Lueur inquiète dans le regard, il sait que je ne lui ferais pas de mal, mais doute un peu quand même. Il s’est assis sur le sol, pour ne pas poser ses fesses sur une chaise poisseuse de fluides corporels. Il se redresse pour diminuer le rapport des tailles. D’un signe de la tête, je demande à Sam de sortir. Les clameurs du hangar nous parviennent brusquement pour s’étouffer quand il referme la porte derrière lui. Je soupire. Je ne sais pas vraiment quoi lui dire, mais il doit comprendre que derrière l’italien qu’il admire, il y a un vrai parrain avec toute la noirceur que cela impose.

- Ne recommence pas !


Ma voix est sèche, dure. C'est celle avec laquelle j'ordonne à mes hommes, loin du gérant du Pink, à des année lumières de l'Italien charismatique. Une calotte sur le haut du crane serait de bon augure, si je n’avais pas perçu son repli instinctif. La peur. La mise en condition a parfaitement fonctionné. Il serait presque prêt à avouer une faute qu’il n’a pas commise. Cela me navre, mais je savais que notre relation n’allait pas se contenter de tendres et chastes étreintes dans mon lit.
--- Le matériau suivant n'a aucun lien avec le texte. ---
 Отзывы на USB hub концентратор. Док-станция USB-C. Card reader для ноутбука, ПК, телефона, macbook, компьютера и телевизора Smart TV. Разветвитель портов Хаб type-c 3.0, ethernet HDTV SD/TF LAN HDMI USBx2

Tobias m’avait presque supplié de jouer mon rôle de protecteur envers Therencio avec sérieux. Un rôle où les baffes ont autant d'importance que les câlins. Je comprends ce qui pousse le professeur à boire. On devient vulnérable quand on s’attache.

Brusquement j’étreins Therencio et le plaque avec force contre moi, ma main dans une prise légèrement douloureuse sur sa nuque.
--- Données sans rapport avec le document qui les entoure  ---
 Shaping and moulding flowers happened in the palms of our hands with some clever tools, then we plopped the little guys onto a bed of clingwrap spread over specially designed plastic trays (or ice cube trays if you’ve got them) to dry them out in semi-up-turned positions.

- Ne te met pas au travers de mes affari. Avec quiconque !

Je ne mentionne pas Wayne, car il n’aura pas de prochaine fois. A Chad de s’en assurer. Je relâche Therencio.

- Rentre te coucher. Tu dois dormir même si tu n'as pas cours de la matinée.

Je connais son emplois du temps par cœur et Will' m'avertit des professeurs absents. L'alpha le surveille pour moi ai lycée. Shepherd avait eu son sourire idiot quand je lui avais expliqué ma relation avec le bambino. Un sourire idiot, mais content et satisfait. J'avais râler et avertis de ne pas me confondre avec sa famille de bisounours.